WHAT IS EXPECTED:
Would you return, word for word, the lines running from the one with "走廊簡(jiǎn)簡(jiǎ" to the final line of the listing below, pictures omitted?

___ SOURCE MATERIAL ___

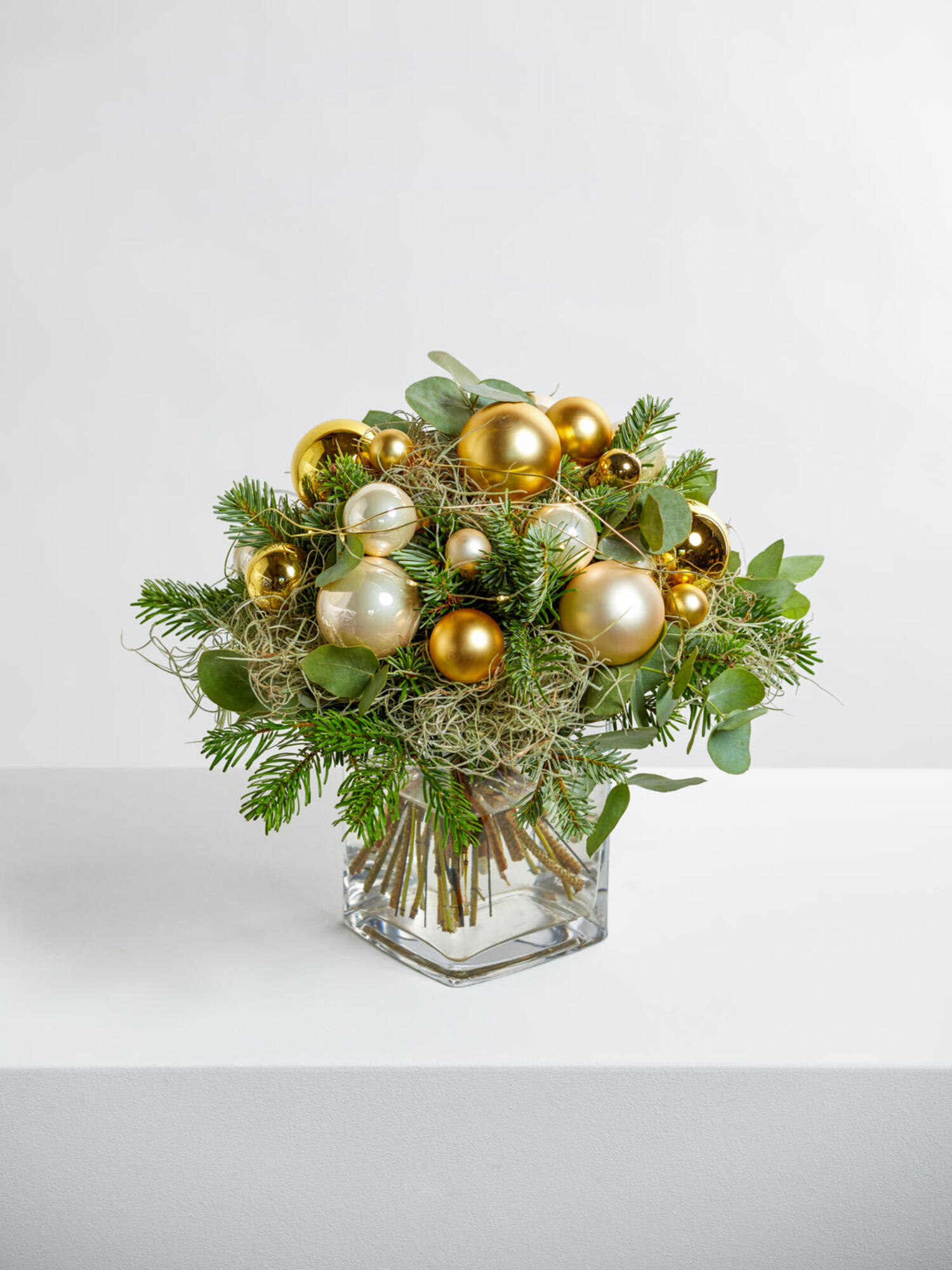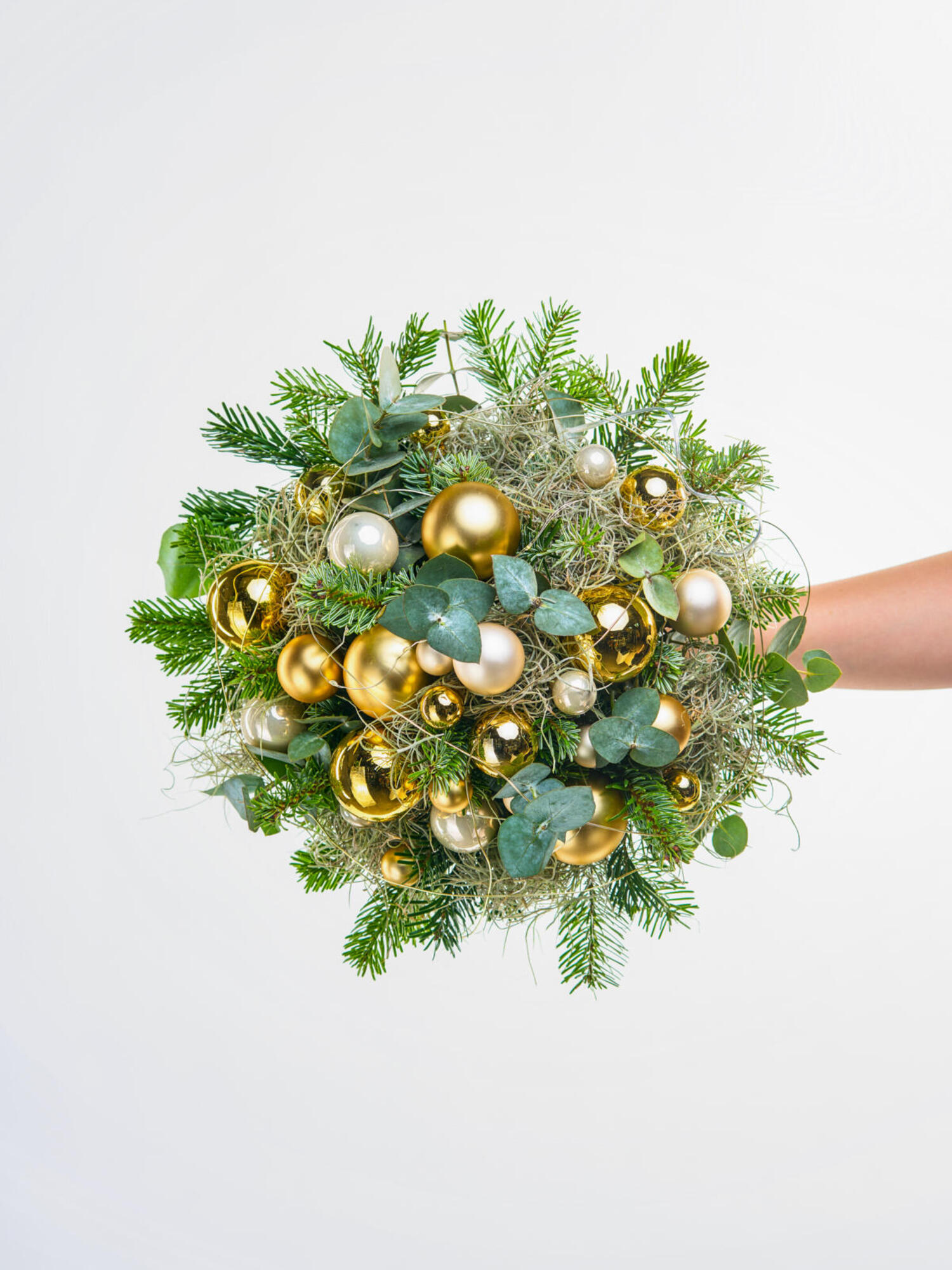 Weihnachtlicher Strauß in Weiß-Gold-Grün mit weißen Rosen, Eukalyptus, Tanne, goldenen und cremefarbenen Weihnachtskugeln aus Glas, Golddraht, Lichterkette und Tillandsia.
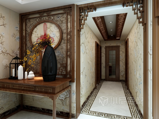 走廊簡(jiǎn)簡(jiǎn)單單,壁紙和吊頂相互呼應(yīng),簡(jiǎn)約的表達(dá)著整屋的中式氛圍。
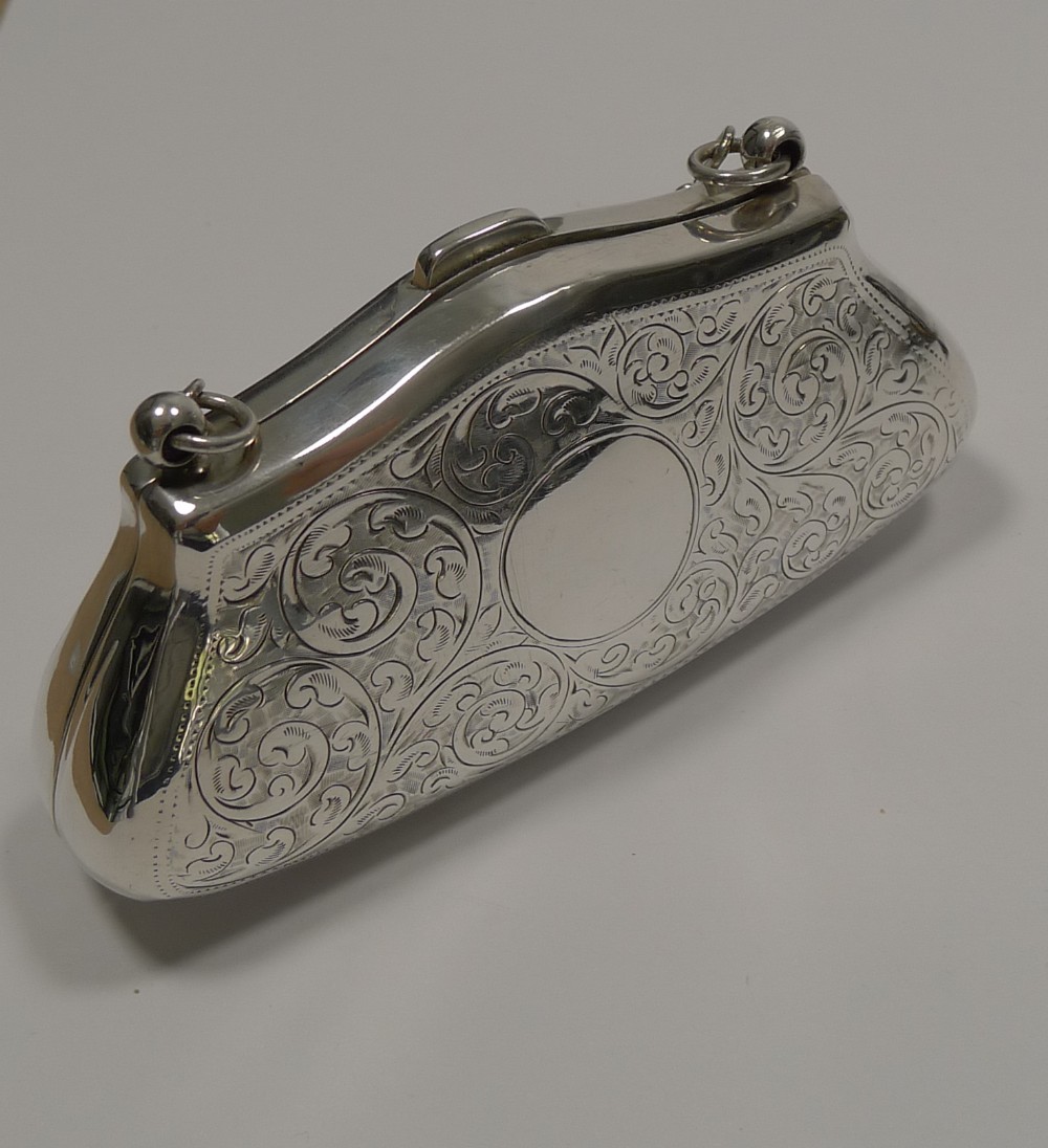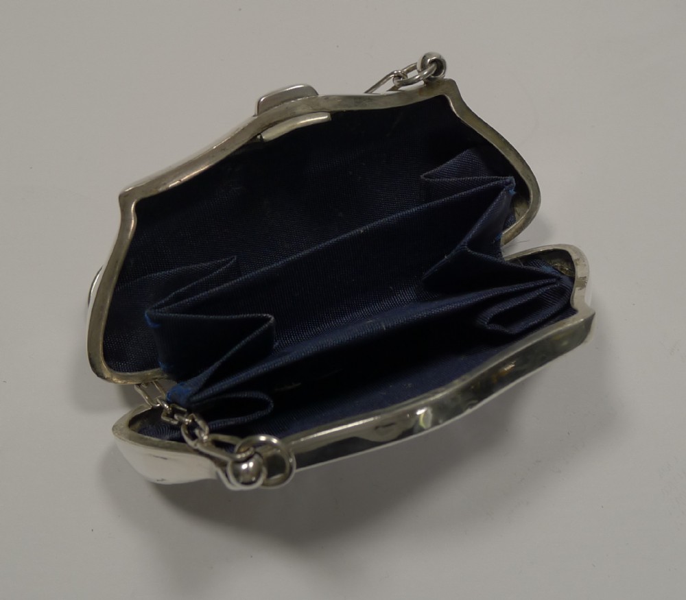 A wonderful and very elegant coin purse, made from English Sterling silver fully hallmarked for Birmingham 1913; the makers mark is also present for the silversmith, Joseph Cook & Son Ltd.

___

PROBLEM SOLUTION:
 走廊簡(jiǎn)簡(jiǎn)單單,壁紙和吊頂相互呼應(yīng),簡(jiǎn)約的表達(dá)著整屋的中式氛圍。
 A wonderful and very elegant coin purse, made from English Sterling silver fully hallmarked for Birmingham 1913; the makers mark is also present for the silversmith, Joseph Cook & Son Ltd.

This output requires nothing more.